**Instructions to follow:** Could you reproduce, word for word, everything below from the line containing "LOT: 43987697 VIN: 1GCHK24K88E208274" down to the line containing "이 전 최고위원은 2018년", with both of those lines included and no others?

#### Exercise data ####

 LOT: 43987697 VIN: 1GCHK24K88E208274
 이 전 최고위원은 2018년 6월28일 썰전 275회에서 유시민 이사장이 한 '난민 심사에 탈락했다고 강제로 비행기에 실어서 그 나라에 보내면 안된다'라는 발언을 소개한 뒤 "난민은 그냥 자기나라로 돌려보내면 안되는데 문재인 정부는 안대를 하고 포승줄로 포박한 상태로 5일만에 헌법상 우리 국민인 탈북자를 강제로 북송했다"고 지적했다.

####
#### Exercise data ####

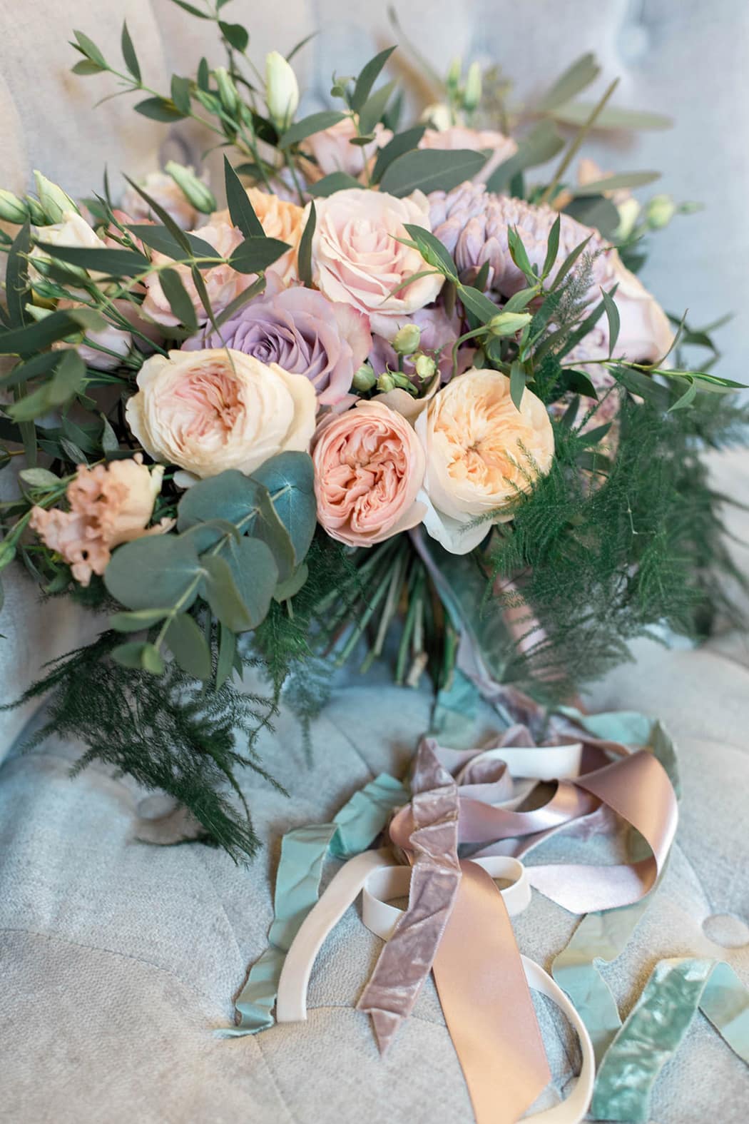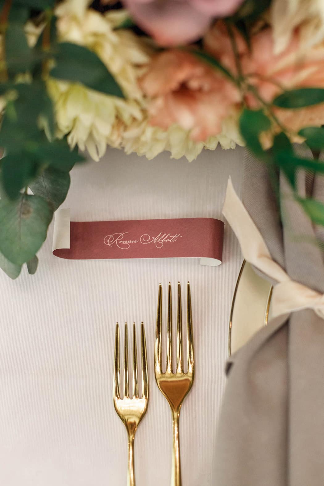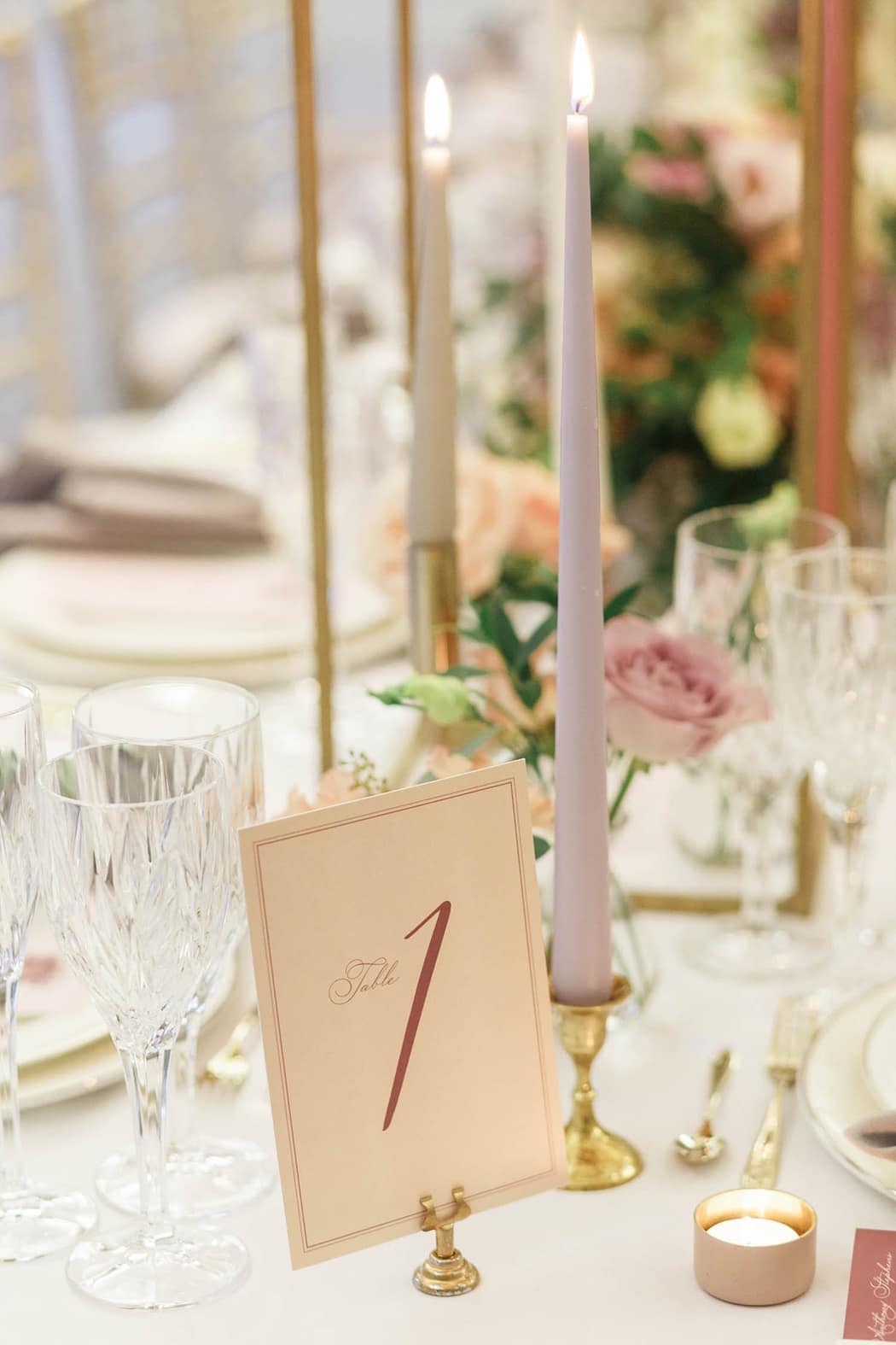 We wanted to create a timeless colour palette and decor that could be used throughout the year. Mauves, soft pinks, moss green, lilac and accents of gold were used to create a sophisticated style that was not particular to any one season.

####
#### Exercise data ####

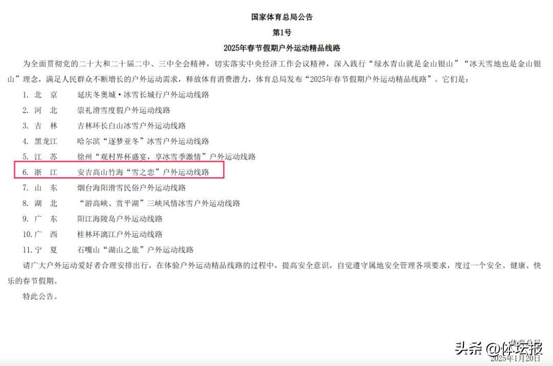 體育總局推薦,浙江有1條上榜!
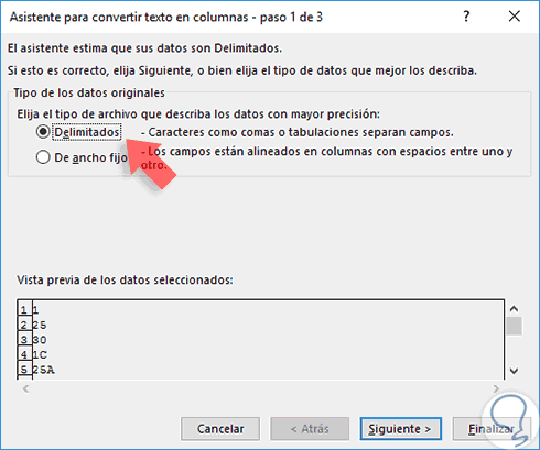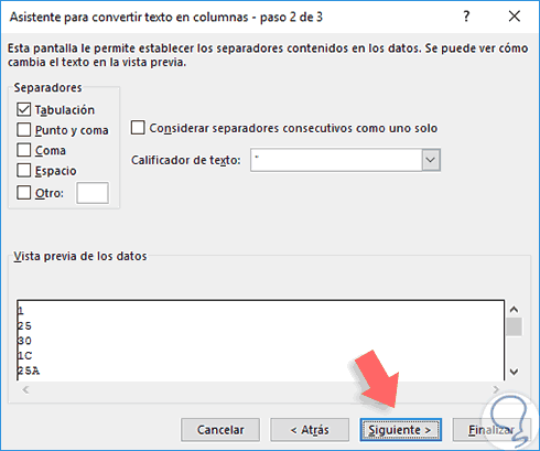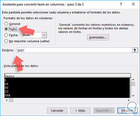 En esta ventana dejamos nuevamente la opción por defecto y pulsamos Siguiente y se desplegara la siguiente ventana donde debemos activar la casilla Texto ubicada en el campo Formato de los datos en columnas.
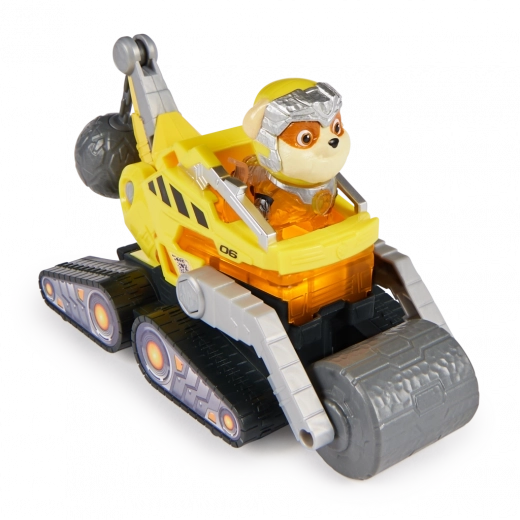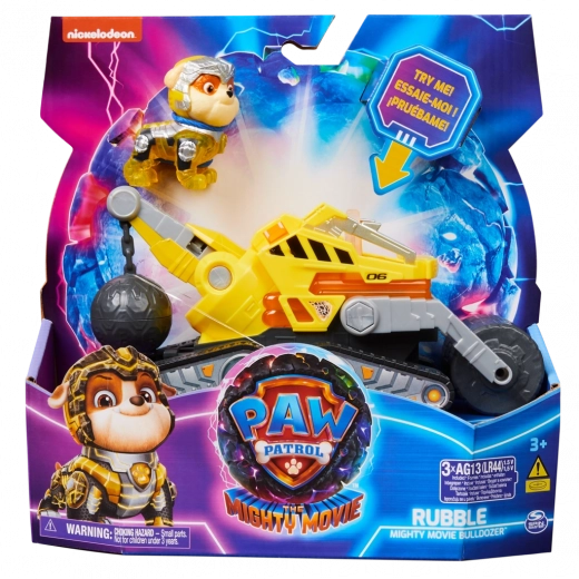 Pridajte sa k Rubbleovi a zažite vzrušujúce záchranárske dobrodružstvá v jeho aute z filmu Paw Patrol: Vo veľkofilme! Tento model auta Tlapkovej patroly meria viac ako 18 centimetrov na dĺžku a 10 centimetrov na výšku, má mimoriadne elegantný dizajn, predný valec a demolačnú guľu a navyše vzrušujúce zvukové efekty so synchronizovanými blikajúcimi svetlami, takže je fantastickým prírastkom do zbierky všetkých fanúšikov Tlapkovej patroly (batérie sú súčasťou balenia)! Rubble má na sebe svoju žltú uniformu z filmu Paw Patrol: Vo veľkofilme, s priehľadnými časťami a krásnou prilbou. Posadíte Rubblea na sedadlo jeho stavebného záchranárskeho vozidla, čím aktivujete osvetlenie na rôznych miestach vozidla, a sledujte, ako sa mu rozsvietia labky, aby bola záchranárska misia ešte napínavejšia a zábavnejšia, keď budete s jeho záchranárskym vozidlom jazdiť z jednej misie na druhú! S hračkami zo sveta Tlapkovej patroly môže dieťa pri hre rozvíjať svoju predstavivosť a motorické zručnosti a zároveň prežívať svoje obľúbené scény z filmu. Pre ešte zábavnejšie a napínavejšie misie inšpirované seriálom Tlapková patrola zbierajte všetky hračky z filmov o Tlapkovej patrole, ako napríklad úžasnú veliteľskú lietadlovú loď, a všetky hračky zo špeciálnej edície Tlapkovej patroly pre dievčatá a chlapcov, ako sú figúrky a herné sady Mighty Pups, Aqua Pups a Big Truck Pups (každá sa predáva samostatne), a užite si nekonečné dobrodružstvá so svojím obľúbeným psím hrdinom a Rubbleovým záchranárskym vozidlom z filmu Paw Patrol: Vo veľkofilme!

####

**Task answer:**
 LOT: 43987697 VIN: 1GCHK24K88E208274
 이 전 최고위원은 2018년 6월28일 썰전 275회에서 유시민 이사장이 한 '난민 심사에 탈락했다고 강제로 비행기에 실어서 그 나라에 보내면 안된다'라는 발언을 소개한 뒤 "난민은 그냥 자기나라로 돌려보내면 안되는데 문재인 정부는 안대를 하고 포승줄로 포박한 상태로 5일만에 헌법상 우리 국민인 탈북자를 강제로 북송했다"고 지적했다.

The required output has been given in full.